- [WORK TO BE COMPLETED]:
Return all of the data exactly as written, without the pictures.
──────── DATA SECTION ────────
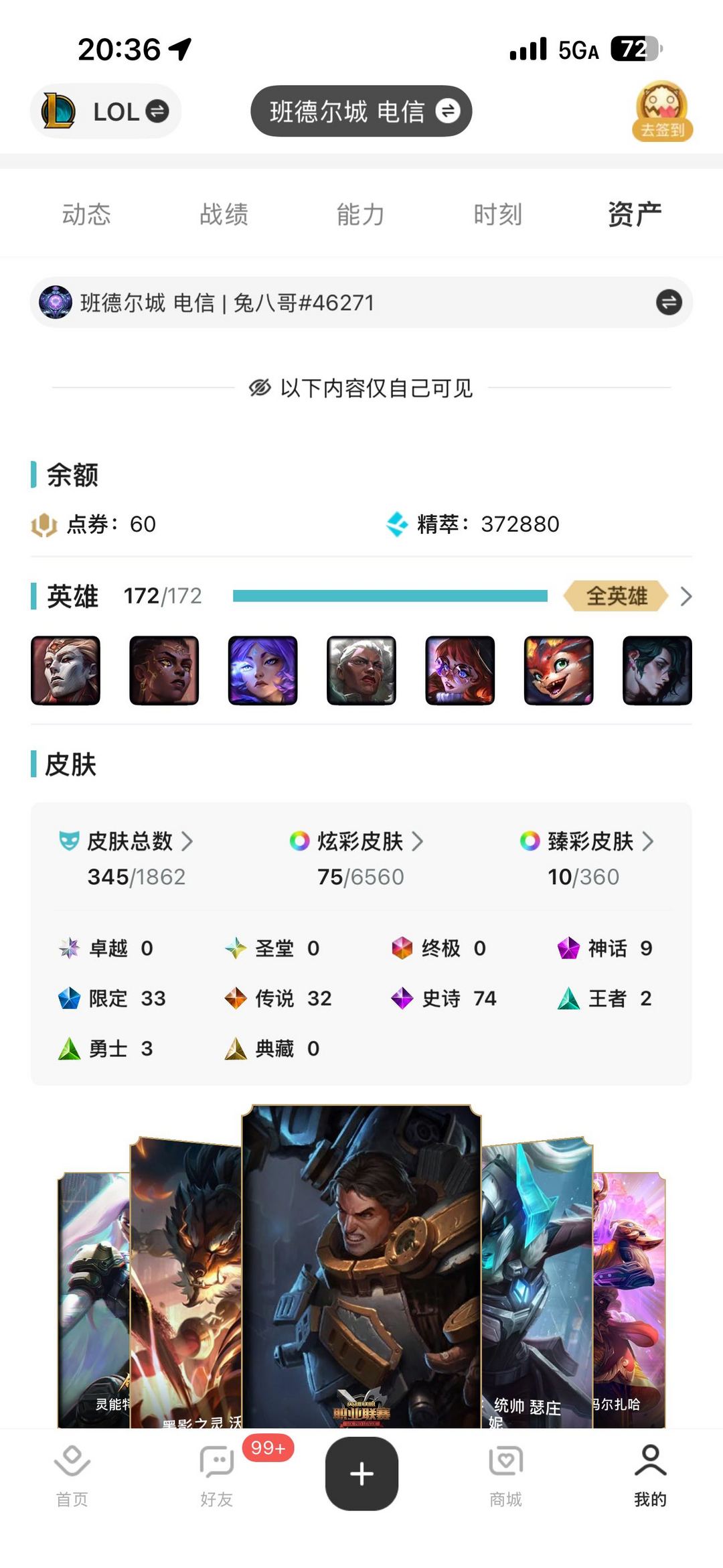 装备描述:英雄170➕ 皮肤300➕,登入器上号喜欢本账号请点 ☆收藏☆ 方便下次租用,谢谢光临惠顾!
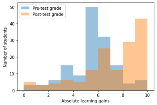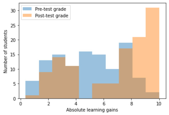 The values of the Pearson’s correlation coefficient between different variables for the Control Flow Statements domain are shown in Table 11. Weak negative correlation between the percent of errors (failed interactions) and the pre-test grade was trivial, showing that better-prepared students made fewer errors. More interesting are the correlations for the post-test grades: there was a medium positive correlation between the number of completed questions and the resulting knowledge, and a medium negative correlation between the percent of errors and the resulting knowledge. The number of completed questions shows a consistent influence on the learning gains, with a weak positive correlation to absolute learning gains and a medium positive correlation to relative learning gains. This shows that the students who did not hurry to the next question, completing each question, gained more knowledge.
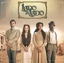A capa da trilha sonora da telenovela Lado a Lado mostra os atores Thiago Fragoso, Marjorie Estiano, Camila Pitanga e Lázaro Ramos, caracterizados como seus respectivos personagens, Edgar, Laura, Isabel, e Zé Maria.[2]
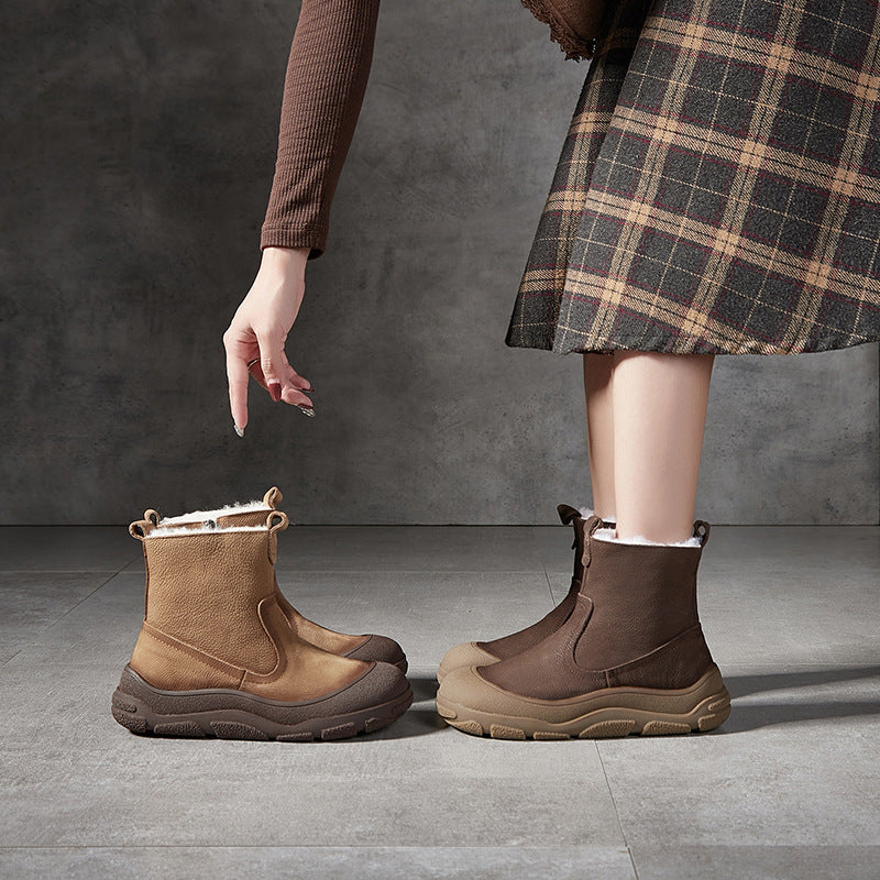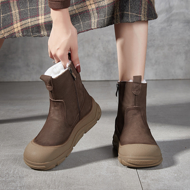 Women's Wool Round Head Thick Bottom High Side Zip Snow Boots
────────
- [PROBLEM SOLUTION]:
 装备描述:英雄170➕ 皮肤300➕,登入器上号喜欢本账号请点 ☆收藏☆ 方便下次租用,谢谢光临惠顾!
 The values of the Pearson’s correlation coefficient between different variables for the Control Flow Statements domain are shown in Table 11. Weak negative correlation between the percent of errors (failed interactions) and the pre-test grade was trivial, showing that better-prepared students made fewer errors. More interesting are the correlations for the post-test grades: there was a medium positive correlation between the number of completed questions and the resulting knowledge, and a medium negative correlation between the percent of errors and the resulting knowledge. The number of completed questions shows a consistent influence on the learning gains, with a weak positive correlation to absolute learning gains and a medium positive correlation to relative learning gains. This shows that the students who did not hurry to the next question, completing each question, gained more knowledge.
A capa da trilha sonora da telenovela Lado a Lado mostra os atores Thiago Fragoso, Marjorie Estiano, Camila Pitanga e Lázaro Ramos, caracterizados como seus respectivos personagens, Edgar, Laura, Isabel, e Zé Maria.[2]
 Women's Wool Round Head Thick Bottom High Side Zip Snow Boots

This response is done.